Brasil Expande 525 Novos Mercados
Nos últimos três anos, o agronegócio brasileiro conquistou 525 novos mercados internacionais, sendo 225 apenas em 2025. Essa expansão abrangeu 82 países e 58 destinos no último ano, conforme dados do Ministério da Agricultura. As novas aberturas têm um potencial significativo, podendo elevar as exportações do setor em até US$ 37,5 bilhões anuais em um horizonte de cinco anos, à medida que o comércio internacional se desenvolve e amadurece.
Segundo a pasta, essas novas oportunidades já trouxeram um impacto positivo de US$ 3,4 bilhões à balança comercial do Brasil, consolidando uma média de 14 novos processos de abertura realizados mensalmente.
Oportunidades no Setor de Proteínas
As proteínas animais foram destaque nas novas aberturas de mercado, com 112 novas autorizações. Logo atrás, o material genético animal e a alimentação para animais também se destacaram, com 79 e 61 liberações respectivamente. O México liderou como principal destino, com 24 novas autorizações concedidas a produtos brasileiros, conforme dados da plataforma Aberturas de Mercado, gerida pela Secretaria de Comércio e Relações Internacionais do ministério.

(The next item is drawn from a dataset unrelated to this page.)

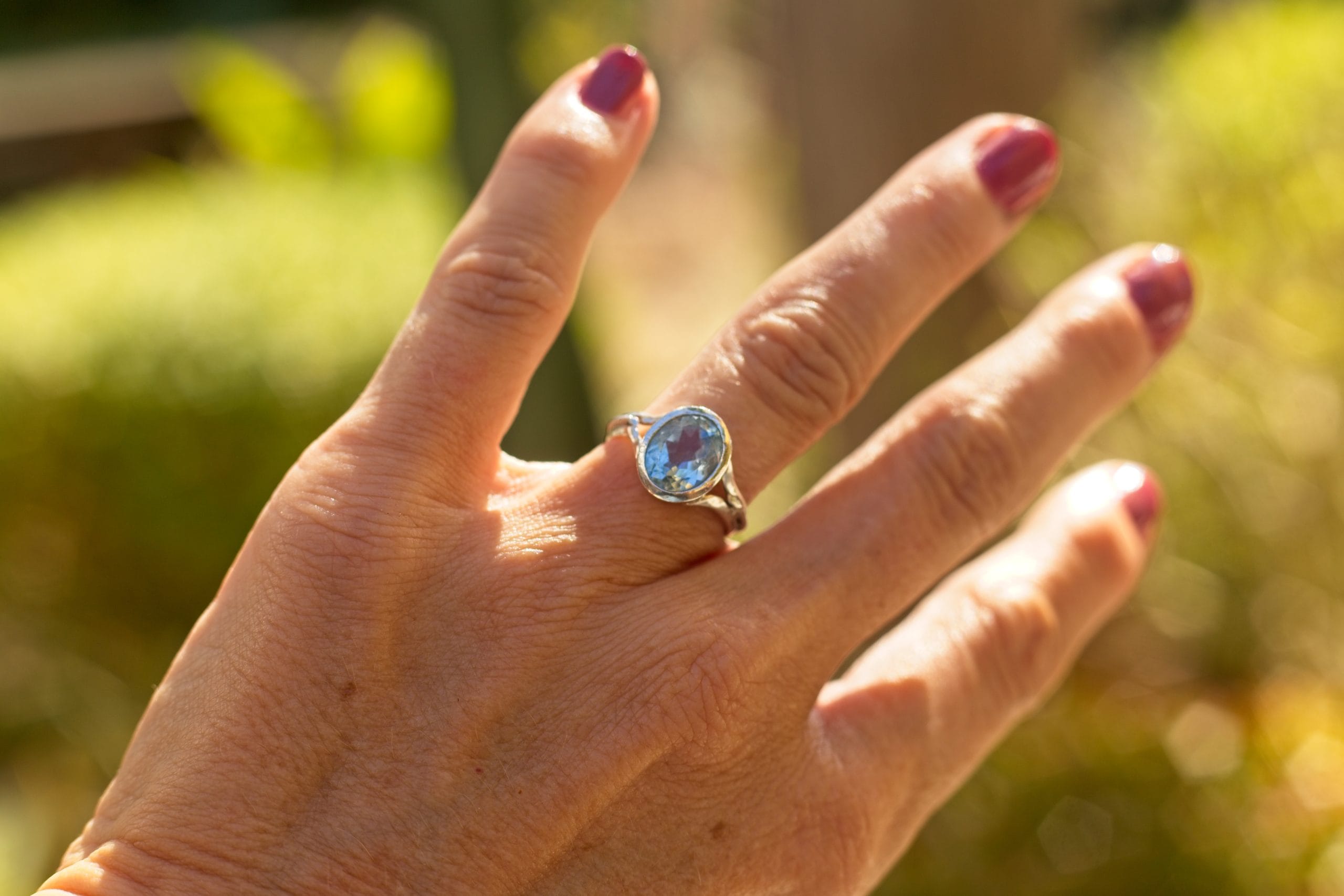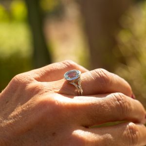 The Colour of a Perfect Costa Sky. Meet your new favourite conversation starter. This striking Ornate Silver Ring is a masterpiece of twisted silver wire, creating a dramatic, feminine frame for a colossal 12×10mm Sky Blue Topaz. The high bezel setting lifts the stone, letting the sun dance through its perfect colour. This is a bold, beautiful piece for your most glamorous sun-drenched moments.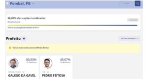 Em Pombal, o candidato Galego da Gavel (Republicanos) foi eleito e é vitorioso com 50,93% dos votos válidos, totalizando 10.794 votos. Gavel derrotou Pedro Feitosa, filho da deputada Pollyanna Dutra, que tirou 10.400 votos, o que corresponde a 49,07%. Fonte O Blog do Jordan Bezerra

Processo de Abertura de Mercados
Importante ressaltar que o simples ato de abrir um novo mercado não garante que o comércio seja imediato. Cada abertura representa apenas a permissão sanitária para exportar um produto específico para um determinado país, mas isso não significa que as exportações comecem de forma imediata.
Após a aprovação sanitária, etapas adicionais são necessárias, incluindo a habilitação das empresas, o registro e a negociação comercial. Este processo pode levar de seis meses a um ano antes que o comércio realmente comece.
Recordes nas Exportações do Agronegócio
A relevância das novas aberturas para o agronegócio brasileiro é evidente nos números da balança comercial. Entre janeiro e novembro de 2025, as exportações do setor alcançaram impressionantes US$ 155,25 bilhões, representando um crescimento de 1,7% em relação ao mesmo período do ano anterior, de acordo com o Ministério da Agricultura. Isso significa que o agronegócio correspondeu a 48,8% de todas as exportações brasileiras durante este período.
Diversificação e Estratégias Comerciais
De acordo com Luis Rua, secretário de Comércio e Relações Internacionais do ministério, as novas aberturas abordam duas frentes principais: a necessidade de diversificação das exportações e a crescente demanda por segurança alimentar por parte de outros países. Essa estratégia se intensificou após a imposição de tarifas de 50% pelos Estados Unidos sobre produtos brasileiros a partir de agosto do ano passado.
Ainda assim, mesmo com essas restrições, as vendas do agronegócio para os EUA apresentaram uma queda moderada de apenas 4% no acumulado do ano, mantendo um saldo positivo nas exportações.
Avanços Notáveis e Novos Mercados
Entre os avanços mais significativos, destaca-se a liberação da carne bovina brasileira para o México, após 20 anos de negociações. Outras aberturas notáveis incluem a exportação de algodão para o Egito, sorgo para a China e carne de frango kosher para Israel. Além disso, 220 mercados existentes foram ampliados, permitindo que mais empresas fossem habilitadas e aumentando a abrangência regional, o que gerou mais US$ 7 bilhões à balança do agronegócio, conforme informou o ministério.
Impacto da Diversificação no Setor de Carne Bovina
O setor de carne bovina foi um dos que mais se beneficiaram, com 29 novos mercados abertos no período. Segundo Roberto Perosa, presidente da Abiec, a diversificação ajudou a atenuar os efeitos das tarifas americanas. Destinos como Vietnã, Indonésia e México se tornaram cada vez mais relevantes, com o México emergindo como o segundo maior comprador da carne brasileira, em meio ao aumento das tarifas impostas pelos EUA.
Prioridades Finais e Desafios a Superar
Entre as prioridades do setor, estão as aberturas de mercado para carne bovina no Japão, Coreia do Sul e Turquia. O Japão, em particular, se destaca nas negociações e é considerado um mercado de alto valor, atualmente abastecido principalmente pelos Estados Unidos e Austrália.
Entretanto, para Sueme Mori, diretora de Relações Internacionais da CNA, as aberturas são essenciais, mas precisam ser acompanhadas de acordos comerciais que reduzam as tarifas. Um exemplo disso é o acordo entre Mercosul e União Europeia, que prevê a redução tarifária, mas enfrenta barreiras paralelas, como a Lei Antidesmatamento do bloco.